*What to do*
Once the line with "Het dorsen van" is found in the entries below, repeat it and each following line exactly, up to and including the line with "进入「素材库」,点击任意图片". Add no other lines.

*Input for this task*
□ □ □ □ □ □ □

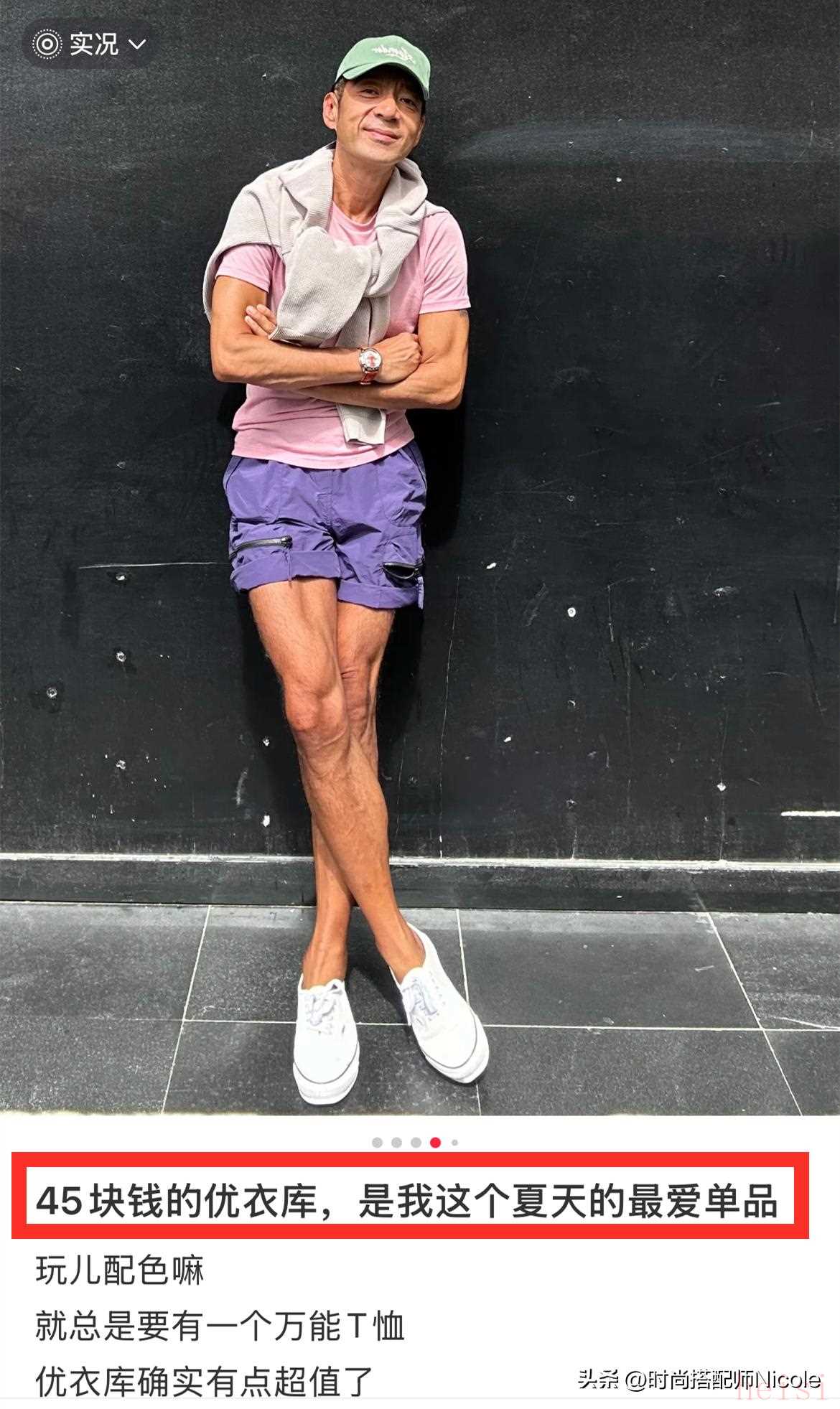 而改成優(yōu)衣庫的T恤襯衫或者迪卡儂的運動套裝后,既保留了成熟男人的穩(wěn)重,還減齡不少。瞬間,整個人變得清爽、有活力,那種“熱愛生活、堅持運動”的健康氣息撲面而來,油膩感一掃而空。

□ □ □ □ □ □ □

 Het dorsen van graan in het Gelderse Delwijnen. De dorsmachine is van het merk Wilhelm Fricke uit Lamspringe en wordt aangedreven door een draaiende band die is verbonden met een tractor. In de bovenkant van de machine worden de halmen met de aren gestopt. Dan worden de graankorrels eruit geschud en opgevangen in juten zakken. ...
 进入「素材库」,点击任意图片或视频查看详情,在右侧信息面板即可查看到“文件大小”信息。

□ □ □ □ □ □ □

*Answer to the problem*
 Het dorsen van graan in het Gelderse Delwijnen. De dorsmachine is van het merk Wilhelm Fricke uit Lamspringe en wordt aangedreven door een draaiende band die is verbonden met een tractor. In de bovenkant van de machine worden de halmen met de aren gestopt. Dan worden de graankorrels eruit geschud en opgevangen in juten zakken. ...
 进入「素材库」,点击任意图片或视频查看详情,在右侧信息面板即可查看到“文件大小”信息。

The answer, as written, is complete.